According to Goodrich, the reason passengers sustain injuries during evacuation is that they ignore instructions and hesitate or stop at the end of the slide, making them collide with other evacuees coming down, or instead of sitting upright, they lie down and descend too fast. Targets on the slide and built-in light-emitting diode (LED) lights give evacuating passengers aim points for jumping on and off.
Because slides must often function as life rafts for as many as 87 people, Goodrich conducts trials off the coast of Santa Barbara, California, where ocean conditions closely approximate those set forth in FAA regulations for exit slide performance.

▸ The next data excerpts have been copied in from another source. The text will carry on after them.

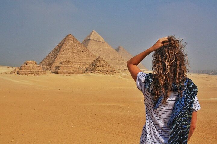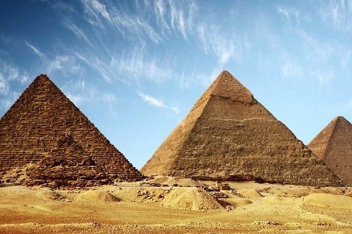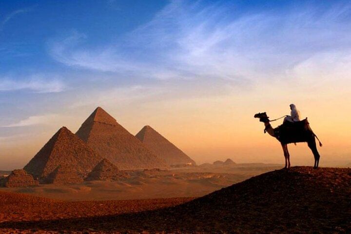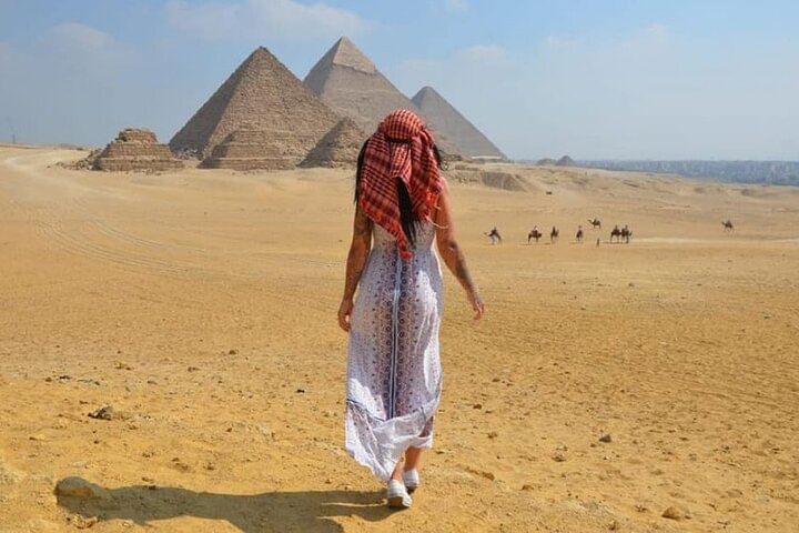 Embark on an 8-hour private tour, led by an expert guide with private transportation. Explore the Pyramids of Giza, unraveling their mysteries and historical significance. Delve into the Egyptian Museum's treasures, from Tutankhamun's relics to ancient artifacts. Experience the vibrant Khan Al-Khalili bazaar, filled with exotic sights and sounds. Enjoy a delicious lunch at a local restaurant, savoring authentic Egyptian cuisine. Book now for an unforgettable journey through Egypt's ancient wonders and cultural heritage.
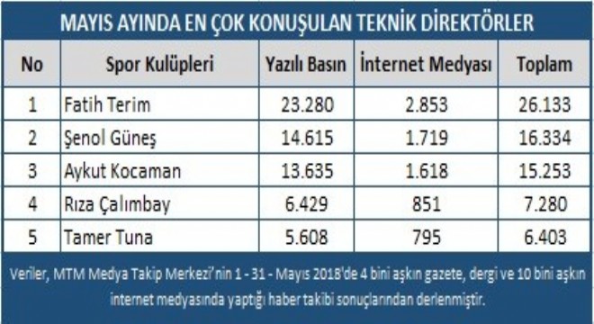 Galatasaray teknik direktörü Fatih Terim, yarım sezondur başında olduğu takımın şampiyon olmasıyla medyada gündemden düşmedi. Şampiyonluğun yanında çeşitli eleştirilerle de konuşulan Terim, takımının elde ettiği şampiyonluk ve yaptığı açıklamalarla 26 bin 133 haberle bu ay en çok konuşulan teknik direktörü oldu.
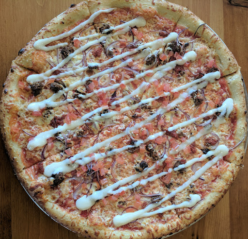 Read moreOk.. I luv this place for the name & the awesome pizza names like "crop circle" or "chupacabra". It's a bonus that they have great vegan options & gluten free for my friends. I took my coworker here for the XL Government cheese pizza it totally reminded him of the "Big Slice" on Yonge St. that shut down... He luv's this place now! I like the paper thin crust, which is crispy to keep the toppings on, the outside crust is doughy if you like more bread, I don't. I like an even balance of topping to crust ratio... If you want more go to the chain places (on every corner! Lol) I would recommend eating there, traffic with the construction in the area makes delivery tricky & pizza enthusiast know it tastes best out of the oven... The steam that comes out of the box is great! Parking is available, during the lunch rush street parking is also available, super busy location. Staff are friendly & accommodating, best ingredients. Water in bottles in the fridge or buy the pop, also recommended. Not to saucy which I like or the toppings slide off on your lap! Lol. Get dipping sauce on the side if you need to drown your 🍕 pizza. Best wall mural!! Atmosphere & pizza names make this place an...
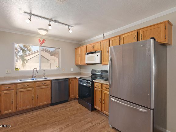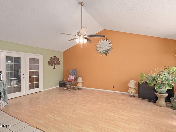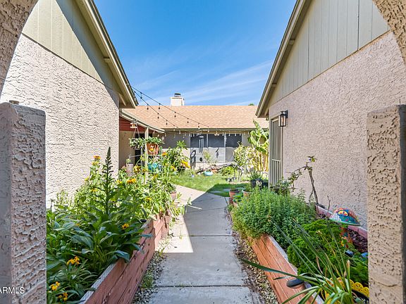 Welcome to this inviting 3-bedroom, 2-bathroom home nestled in the welcoming community of Peppermill Run. Situated on a desirable N/S exposure lot with an RV gate and NO HOA to worry about, this home offers the perfect blend of convenience and comfort. As you approach, you'll appreciate the low maintenance landscaping and a lovely private courtyard, providing the ideal spot to enjoy a morning cup of coffee before the day begins. Step inside to discover a soothing two-tone neutral color palette, vaulted ceilings, and durable wood-like plank and tile flooring throughout, with plush carpet in the bedrooms. The welcoming family room features a cozy fireplace and easy flow through double French doors to an enclosed bonus room, expanding the living space and offering endless possibilities for relaxation or entertainment. Next, explore the lovely kitchen, equipped with included appliances, just the right amount of cabinet and counter space, and a view window above the kitchen sink that brings in natural light. Step out to the backyard and enjoy the tranquil space that extends into the side/courtyard, perfect for entertaining and dining alfresco under the gazebo or playing a game of hoops on the basketball court. Back inside, retreat to the primary bedroom with a private exit to the courtyard patio and an ensuite bathroom featuring dual sinks, a shower/tub combo, and a large walk-in closet. The two secondary bedrooms, guest bathroom, and laundry space, including the washer and dryer, round out this incredible floor plan. Conveniently located close to popular restaurants, convenient shopping, and with easy access to Loop 101, this home offers the perfect combination of comfort and convenience. Don't miss out on this fantastic opportunity! Submit your offer today.

With proper maintenance, a slide will last 15 years. Every three years a slide is deployed, removed, inspected, re-tested, re-packed, and re-installed. The inspection cycle is a way to make sure that slides will perform as they did last August, when a China Airlines 737 arriving in Okinawa experienced an engine explosion, and all 165 aboard escaped safely on inflatable slides just before the plane burst into flames.


Comments
as an aid to project research could you please advise: * how many injuries have been sustained using emergency aircraft evacuation slides * what safety devices are required at bottom of slide in simulation exercises Thankyou for your help
Posted by kath kinder on June 22,2008 | 05:36AM
Kath in response to your questions.... and for your info I am a flight attendant for a British Airline. 1. The total amount of injuries sustained following an evacuation is difficult to calculate as there are so many factors that will ultimately affect the evacuation itself. The more common injuries will be friction burns as people instinctively grab onto the sides of the evacuation slide when descending in an attempt to slow down their egress speed. Also friction burns will occur if the individual is wearing man made fibre clothing (always wear cotton underwear when flying!!)and also sprains, strains etc will occur as the impact at the botttom of the slide is quite sudden and deccelaration is also very quick, and if there is a build up of people trying to get off the slide this can also contribute to possible injuries. 2. In a simulated evacuation using real inflatable slides on or off an aircraft the safety devices required are crash mats ie padded mats at the bottom of the slide, similat to what gymnasts use, and isf the slide is a training one ie in a purpose built building there may be extensive "padding" in the area of the slide incase of someone falling over the side of the slide or coming off the bottom with such momentum they might collide with something. Also in a Training facility the event is usually videotaped/filmed so that a.)Feedback on evacuation techniques can be reviewed and discussed and b.) In case any delegate suffers injury so that the incident can be reviewed to see if the correct procedures were adhered to. Hope that has given you some information. Pls contact me if you need any more Regards Stuart.
Posted by Stu Jamieson on July 7,2008 | 09:36AM
From I understanding that two manufactures in USA make the evaculation slide for aircafts. They are : Air Cruiser and Goodrich. Do these manufactures also make the evaculation slide for training equipments of the flight attendents traing center? Is there any other manufactures in North American region can make the same products other than these two companies? Thanks a lot.